You Might Be A Nomad If:
- You fill it with gas and it doubles in value.
- You poop in a bucket.
- You feel wealthy when the black tank is empty and the fresh is full.
- You forget what town you’re even in when asked for directions.
- You wake up in the morning having no idea where you are.
- You pack 60 years of life in less than 50 sq ft..
- You know how to jump start a vehicle battery that you have let run down, but also know how to jump start the generator when you have let the chassis battery run down! (Can’t go without the fridge for too long)
- You can be ready to move your entire life in 10 mins or less.
- You don’t know what time zone you’re in (especially when in Arizona!).

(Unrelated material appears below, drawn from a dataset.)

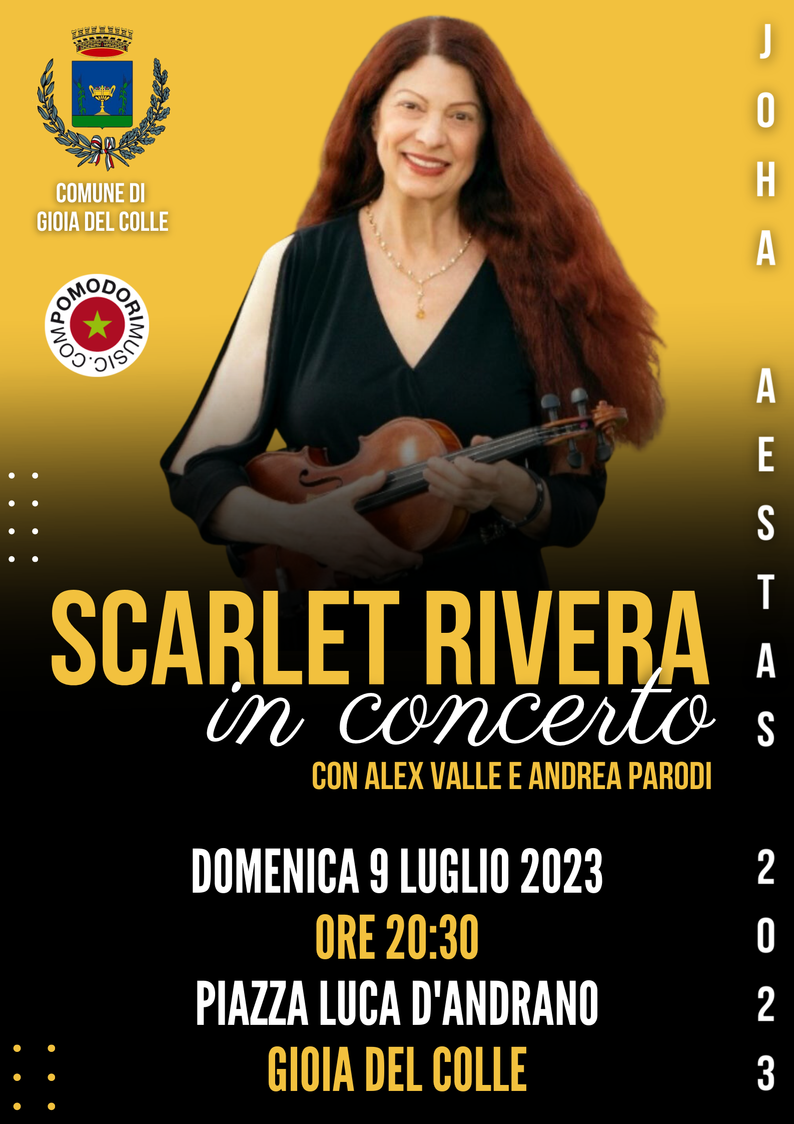 “Siamo onorati di ospitare nella nostra città l’insigne musicista Scarlet Rivera - dichiara l’assessore alla Cultura e al Turismo Lucio Romano -. Domenica avremo l’onore di ascoltare dal vivo una serie di performances di un'icona della musica internazionale, accompagnata dal grande chitarrista Alex Valle e dall’eccellente cantautore Andrea Parodi. A loro rivolgo il mio ringraziamento per aver scelto Gioia del Colle come tappa privilegiata del tour 2023”.

- If the only thing you’re missing is the kitchen sink.
- You talk with total strangers about bathroom habits.
- When you can start up a conversation with a stranger while wearing pj’s and carrying a dog poop bag and think it’s a normal.
- Showers are overrated. A hot spring or baby wipes work!
- If visits to town mean laundry, groceries, water, gas, post office and any other chores all in one day so you don’t have to do it again anytime soon.
- If every morning when you wake up, you don’t know who to thank. Just like waking up in the 70’s.
- You’re not quite sure what day of the week it is… or maybe even whether the next month has begun yet.
- You love the convenience store bags and ask sticks & bricks folks to share.
- You might be a nomad if your richest friend lives in a skoolie.
- Next to gas your big budget item is firewood.
- If your potty says Harbor Freight, Lowes, or Home Depot on the side.